I'm presented with the following question:
From the Lagrangian for a relativistic particle in an electromagnetic field: $$L=-\frac{m}{\gamma} - eV + e\vec A \cdot \vec v$$ show that the gauge transformation $\vec A \rightarrow \vec A + \vec \nabla \phi$ and $V \rightarrow V - \partial_{t}\phi$ does not change the EL equations. Explain this invariance from the point of view of the action.
As far as I know, $V, A, \phi$ depend on $(r(t), t)$- it really isn't explicit.
So, I began by transforming $L$, and got the following: $$L' = L + e(\partial_{t}\phi + \vec \nabla\phi \cdot \vec v)$$ I realised that the second term could be rewritten as an exact derivative (I think this is right?):
$$L'=L+e\left(\frac{d\phi}{dt}\right)$$ From here, I then substituted $L'$ into the EL equations:
$$\frac{\partial L'}{\partial r_i}=\frac{\partial L}{\partial r_i} + \frac{\partial}{\partial r_i} \left(\frac{d\phi}{dt}\right)$$
$$\frac{d}{dt} \frac{\partial L'}{\partial \dot r_i}=\frac{d}{dt}\frac{\partial L}{\partial \dot r_i} + \frac{d}{dt}\frac{\partial}{\partial \dot r_i} \left(\frac{d\phi}{dt}\right)$$
Now, I know these things are supposed to be equal $$\frac{\partial L'}{\partial r_i} = \frac{d}{dt} \frac{\partial L'}{\partial \dot r_i}$$ Implying that: $$\frac{\partial L}{\partial r_i} + \frac{\partial}{\partial r_i} \left(\frac{d\phi}{dt}\right)=\frac{d}{dt}\frac{\partial L}{\partial \dot r_i} + \frac{d}{dt}\frac{\partial}{\partial \dot r_i} \left(\frac{d\phi}{dt}\right)$$
In there, I can see the original EL equations (which I can then cancel)

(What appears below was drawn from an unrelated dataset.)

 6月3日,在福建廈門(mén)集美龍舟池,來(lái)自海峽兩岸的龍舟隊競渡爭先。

What I'm stuck with, is how to prove that: $$\frac{\partial}{\partial r_i} \left(\frac{d\phi}{dt}\right) = \frac{d}{dt}\frac{\partial}{\partial \dot r_i} \left(\frac{d\phi}{dt}\right)$$
Is it as simple as just treating it as a set of EL equations in themselves, thereby being equal to $0$ ?
Further, to finish the question:
$$S = \int L' dt = \int L dt + \int e\left(\frac{d\phi}{dt}\right)dt = S + e\int \frac{d\phi}{dt} dt$$ Which is just S plus some extra term.

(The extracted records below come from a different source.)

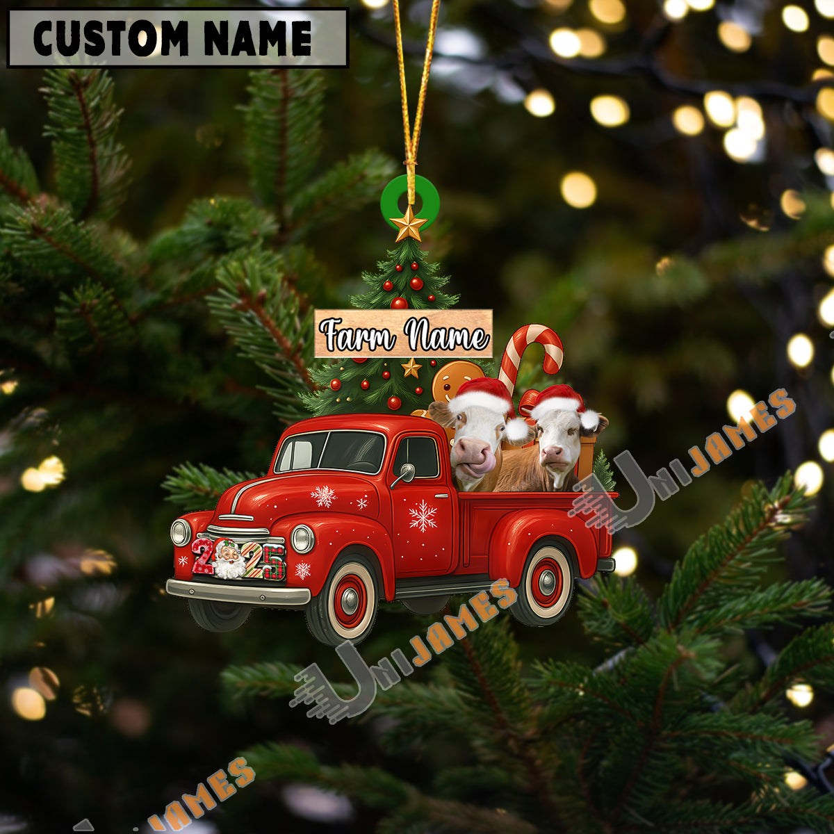 Uni Personalized Simmental Ornament – Red Christmas Truck & Farm Name Custom Shape Acrylic Ornament
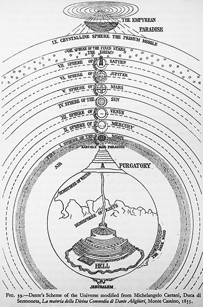 Όσο απίστευτο κι αν ακούγεται, η ίδια ιδέα είχε ήδη συλληφθεί από μια άλλη μεγαλοφυία, σε ένα εντελώς διαφορετικό πολιτισμικό σύμπαν: τον Δάντη, τον μεγαλύτερο ποιητή της Ιταλίας. Το ποίημα του «Θεία Κωμωδία» χωρίζεται σε τρία κύρια μέρη Κόλαση, Καθαρτήριο και Παράδεισος (μια αξιοσημείωτη λεπτομέρεια είναι ότι κάθε κύριο μέρος κλείνει με τη λέξη άστρα). Στον Παράδεισο, το τρίτο μέρος του επικού ποιήματός του, ο Δάντης παρουσιάζει ένα μεγαλειώδες όραμα του μεσαιωνικού κόσμου, βασισμένο στον Αριστοτέλη, με την σφαιρική Γη στο κέντρο του, περιβαλλόμενη από τις ουράνιες σφαίρες.
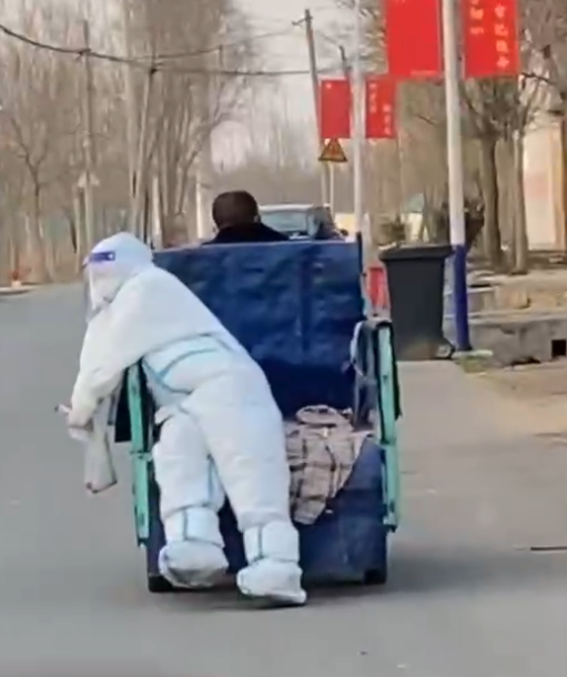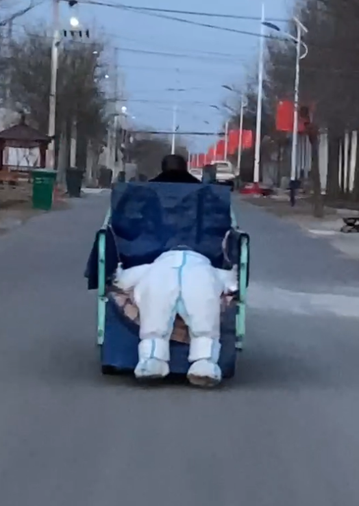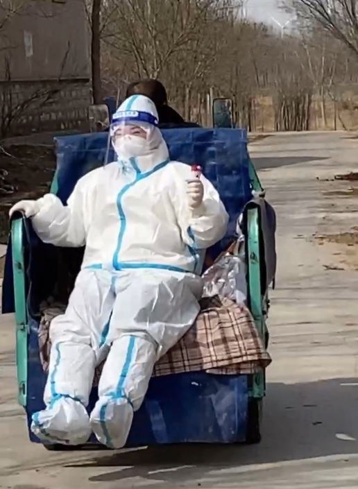 3月22日,潇湘晨报记者与该视频中的“大白”取得联系,该“大白”是来自山东东营的24岁的李女士,李女士目前在山东滨州工作,“当时的工作任务是在滨州的某乡镇进行入户核酸采集,视频是当地镇政府的工作人员拍的,骑三轮载我上下班的是当地的驻村干部。”

Just as a sanity check, is the (physical) reason this becomes invariant (and the extra term plays no role in the variational principle) just because it (the extra term) is fixed? Or is there more to it?
- I can see that this term should just be $0$ due to $S$ cancelling from both sides, but I'm thinking more contextually here.
Thanks in advance, and any help / clues / further resources will be much appreciated!